Some dinosaurs were adorable as a newborn puppy or kitten (although a lot of it has to do with how these adorable dinosaurs have been rendered by modern “paleo-artists”).
Discover 10 real-life dinosaurs cute enough to grace the cover of a Jurassic Hallmark card. If your teeth are starting to hurt from all these sweets, check out our list of the ugliest dinosaurs.
Despite its small size (only three feet long from head to tail and 20-30 pounds), the tuft-tailed, two-legged Chaoyangsaurus was a distant ancestor of dinosaurs like Triceratops and Pentaceratops.
Several paleontologists believe Chaoyangsaurus could have swum (which explains that structure on the back of its tail), similar to many other ‘basal’ ceratopsians of the late Jurassic and early Cretaceous periods.
Europasaurus was the smallest sauropod ever found, weighing only 1,000 to 2,000 pounds, making it the runt of the litter compared to Brachiosaurus and Apatosaurus, which weighed 20 or 30 tons each. Is there a reason why Europasaurus was so small and adorable?
According to the prevailing theory, this plant-eating dinosaur evolved in size so as not to outpace its scarce food supply – both carnivorous dinosaurs and plant-eating dinosaurs were relatively small on this island habitat.
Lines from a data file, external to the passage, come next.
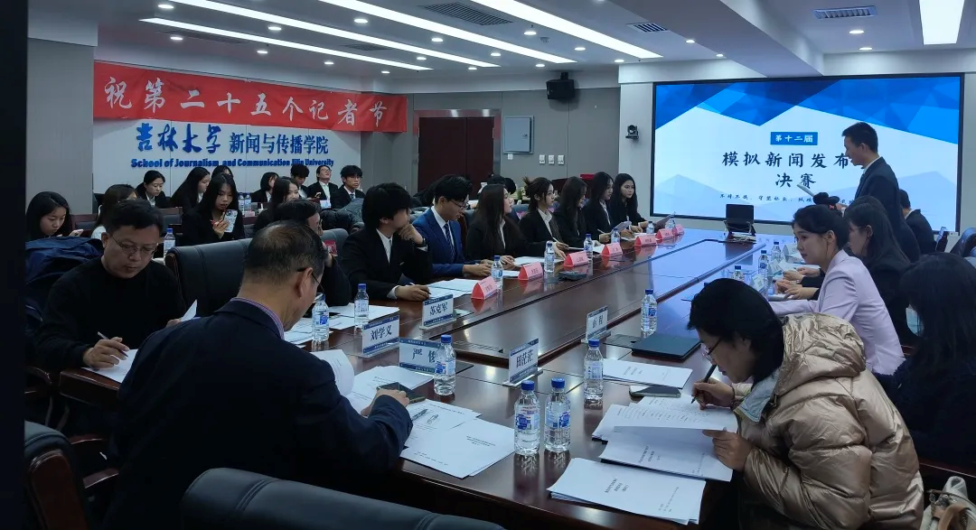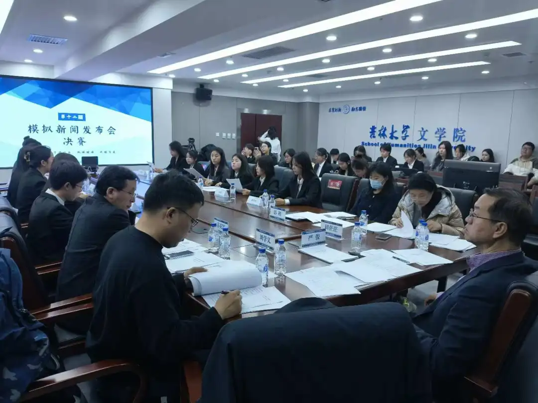11月7日15:30,吉林大学新闻与传播学院新闻学系第十二届模拟新闻发布会决赛在东荣大厦十楼会议室举行。
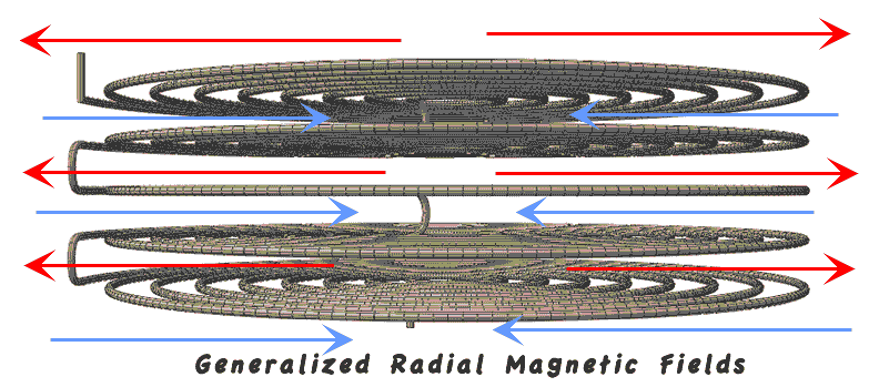 Stacked pancake coils can be arranged to produce reversing radial magnetic fields-- Closer radial-spacing of wires, but distance between pancakes, would strengthen the indicated fields. I found magnetically coated wires localizes the field characteristics per section of wire. Mutual inductance between radial turns can be isolated, where the lateral-radial turns bear opposing filed polarities-- While the pancake sections agree on filed polarities.Where pancake stack connections are as drawn below:
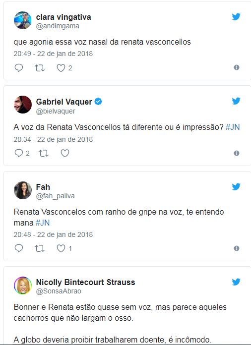 Nesta segunda-feira (22/01), a jornalista Renata Vasconcellos apresentou o ‘Jornal Nacional’ com a voz prejudicada. Bastou isso para ela quebrar a internet e os fãs perceberem que ela estava com algum incômodo, provavelmente provocado por uma gripe. Assista aqui.
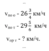 $v_{против\;теч} = 26\frac{3}{4} - 3\frac{1}{12}$
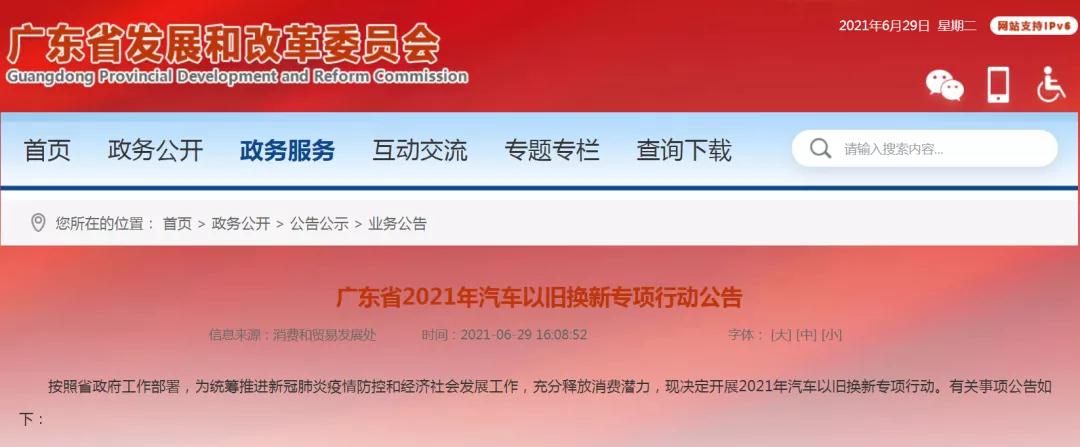 6月29日,广东省发改委发布《广东省2021年汽车以旧换新专项行动公告》。公告指出,从2021年7月1日起至2021年12月31日止,持有广东省号牌个人消费者在省内“以旧换新”,最高可申请10000元/辆补贴。
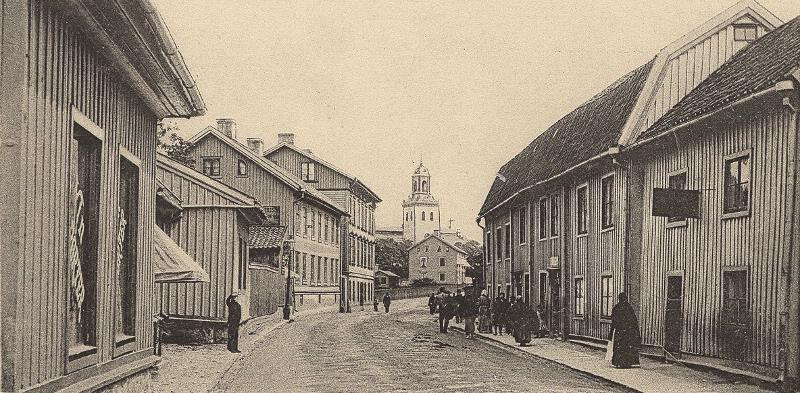 Sträckningsbild på Karl Johansgatan mot öster från Kusttorget. Karl Johanskyrkans torn i bakgrunden.
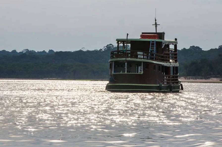 En début de matinée, transfert jusqu'au port et installation pour trois nuits sur le bateau intimiste à bord duquel vous allez sillonner une petite partie d'Amazonie. À bord, vous faites connaissance avec l'équipage et le guide qui va, tout le long du périple, vous éclairer sur cette fascinante région tropicale. Déjà, il vous en présente les espèces, les coutumes, la beauté. Bientôt, on largue les amarres pour voguer vers le lac Janauari autour duquel gravite un écosystème riche en arbres géants, reptiles, oiseaux et plantes exotiques. Une fois au lac, on troque le bateau pour un canoë motorisé afin d'observer d'un peu plus près la faune amazonienne et notamment dauphins de Tucuxi, dauphins roses et toutes sortes d'êtres ailés. Déjeuner à bord tandis que l'on navigue cette fois vers le rio Solimões. L'après-midi est dédié à la quête du pirarucu géant, l'un des plus grands poissons d'Amazonie – certains mesurent près de trois mètres ! – et à l'observation d'un phénomène étonnant, la fameuse "rencontre des eaux". En ces lieux, en effet, les eaux noires du rio Negro et les eaux ocre du fleuve Solimões se côtoient sur plusieurs kilomètres sans toutefois se mélanger. Une fois réunis, les deux cours d'eau n'en forment plus qu'un seul, appelé... l'Amazone. Nuit à bord.
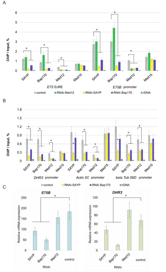 The question as to how prevalent the mechanism under study is in the genome remains open. Both coactivators are widely distributed throughout the genome, and the mechanism can be expected to contribute to regulating the activities of a large number of genes. It is known that the Mediator is a central factor of signal transduction in many signaling pathways, and the subunits of the kinase module play the most important role in this process [,,,,]. A similar function has been assumed for the SWI/SNF complex []. Our ChIP experiments showed that the recruitment of the Med12/Med13 subunits depends on the presence of SAYP/Bap170 not only on inducible genes of the ecdysone cascade but also on constitutive housekeeping genes. It is conceivable that co-occurrence of SAYP/Bap170 and Med12/Med13 may be observed at many loci.

There is no doubt that Gigantoraptor is one of those dinosaurs whose cuteness is directly proportional to the tastes of the artist who illustrates it. Gigantoraptor was not technically a raptor, but it may have had long, tufted feathers (cute) or gnarly, abrasive bristles (not so cute).
Gigantoraptor’s cuteness also depends on whether this two-ton Oviraptor relative ate small mammals or vegetarianism. There is no doubt that it was one of the biggest feathered dinosaurs of the Mesozoic Era.
As adorable as its name is, Leaellynasaura was a human-sized ornithopod of the middle Cretaceous. One of the most “awwww”-inducing qualities of this dinosaur was its large eyes, an adaptation to the darkness into which it lived for much of the year.
In addition, Leaellynasaura was named after an 8-year-old girl, the daughter of Australian paleontologist Patricia Vickers-Rich.
The gentle Ferdinand was to other bulls what Limusaurus was to other meat-eating dinosaurs. This Asian dinosaur probably wasn’t invited to many football games by its bigger, scarier relatives like Yangchuanosaurus and Szhechuanosaurus, which had long, tapered, toothless snouts.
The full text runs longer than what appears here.